What Buffer’s Gender Pay Gap Can Tell Us About Unconscious Bias

Pay transparency is supposed to help companies close the gender pay gap. By being open about their compensation philosophy, sometimes to the point of posting employee salaries for everyone to see, decision-makers hope to catch pay inequities before they become entrenched. Buffer, the social media management tool provider, is one of the companies that’s most publicly committed to transparency, publishing not only theirsalary formula, but a public spreadsheet of every salary at the company, from the CEO on down – which is why the company was taken aback to discover that female employees make less than males.

glass ceiling

(Photo Credit: Hernan Pinera/Flickr)

“We were surprised,” Courtney Seiter, who is charge of inclusivity at Buffer, told The Huffington Post. “We’ve had transparent salaries for two and half years, we put out so much data that it never occurred to us to analyze it [for gender] until recently.”
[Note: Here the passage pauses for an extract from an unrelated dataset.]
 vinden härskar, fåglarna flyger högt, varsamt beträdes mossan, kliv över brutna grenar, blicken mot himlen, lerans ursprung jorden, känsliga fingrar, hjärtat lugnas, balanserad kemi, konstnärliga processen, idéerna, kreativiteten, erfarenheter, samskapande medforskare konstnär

Buffer’s salary formula is:

salary = [job type] X [seniority] X [experience] + [location] (+ $10,000 if salary choice)

Job types have different base pays, so a happiness hero (roughly, customer service) has a $45,000 base pay, while an engineer has a $60,000 base pay. Seniority and experience increase pay, while location will boost pay for those who live in more expensive areas like New York and San Francisco. Employees who choose salary over equity get a $10,000 bump.

Women Earn Less Than Men

The average annual salary for men at Buffer is $98,705. For women, it’s $89,205. There are also fewer female employees than male (29.6 percent vs. 70.4 percent), which is typical for tech companies. PayScale’s research shows that only 30 percent of the tech industry as a whole is female.
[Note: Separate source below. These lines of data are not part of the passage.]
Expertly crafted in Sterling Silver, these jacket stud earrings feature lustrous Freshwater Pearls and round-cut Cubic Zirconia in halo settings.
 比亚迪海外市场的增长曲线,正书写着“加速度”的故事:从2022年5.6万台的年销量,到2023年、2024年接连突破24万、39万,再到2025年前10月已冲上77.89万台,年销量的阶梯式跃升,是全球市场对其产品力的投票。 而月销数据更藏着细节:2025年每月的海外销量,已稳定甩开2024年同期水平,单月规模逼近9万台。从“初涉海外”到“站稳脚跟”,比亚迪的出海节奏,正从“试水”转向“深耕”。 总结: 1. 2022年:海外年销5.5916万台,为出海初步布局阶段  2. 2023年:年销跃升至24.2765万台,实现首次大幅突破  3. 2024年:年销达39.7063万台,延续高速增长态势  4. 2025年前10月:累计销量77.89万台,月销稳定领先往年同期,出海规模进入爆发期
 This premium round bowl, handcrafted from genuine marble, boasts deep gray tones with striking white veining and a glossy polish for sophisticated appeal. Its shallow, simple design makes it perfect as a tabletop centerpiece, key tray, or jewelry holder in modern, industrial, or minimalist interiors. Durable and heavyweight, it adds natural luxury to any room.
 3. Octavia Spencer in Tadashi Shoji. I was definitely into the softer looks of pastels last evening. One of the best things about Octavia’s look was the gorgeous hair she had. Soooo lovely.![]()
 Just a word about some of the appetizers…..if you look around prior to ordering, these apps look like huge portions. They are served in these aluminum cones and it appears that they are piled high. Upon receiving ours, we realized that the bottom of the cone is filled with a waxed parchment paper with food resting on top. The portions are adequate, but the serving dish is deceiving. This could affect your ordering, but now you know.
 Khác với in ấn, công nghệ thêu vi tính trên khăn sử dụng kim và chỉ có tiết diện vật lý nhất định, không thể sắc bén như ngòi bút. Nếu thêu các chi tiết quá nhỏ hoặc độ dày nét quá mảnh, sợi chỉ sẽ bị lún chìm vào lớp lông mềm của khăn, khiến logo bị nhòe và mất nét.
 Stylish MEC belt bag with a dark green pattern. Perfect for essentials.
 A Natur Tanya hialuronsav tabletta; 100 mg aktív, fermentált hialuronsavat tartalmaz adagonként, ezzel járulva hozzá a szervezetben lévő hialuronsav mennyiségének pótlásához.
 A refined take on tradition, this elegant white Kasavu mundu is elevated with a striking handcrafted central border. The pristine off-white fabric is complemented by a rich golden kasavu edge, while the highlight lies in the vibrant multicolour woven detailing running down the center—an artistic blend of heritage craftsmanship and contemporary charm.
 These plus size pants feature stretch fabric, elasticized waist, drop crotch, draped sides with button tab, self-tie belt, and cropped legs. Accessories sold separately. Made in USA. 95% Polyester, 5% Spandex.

Although women out-earn men in customer service roles ($75,064 average for women, compared to $70,875 average for men) men make higher average salaries in development jobs ($106,720 for men, $103,269 for women). The vast majority of Buffer’s engineers, among the highest paying non-executive roles, are men. That’s also pretty typical: PayScale’s report, Inside the Gender Pay Gap, shows that nationwide, in all industries, men tend to have higher-paying roles, while women have lower-paying ones.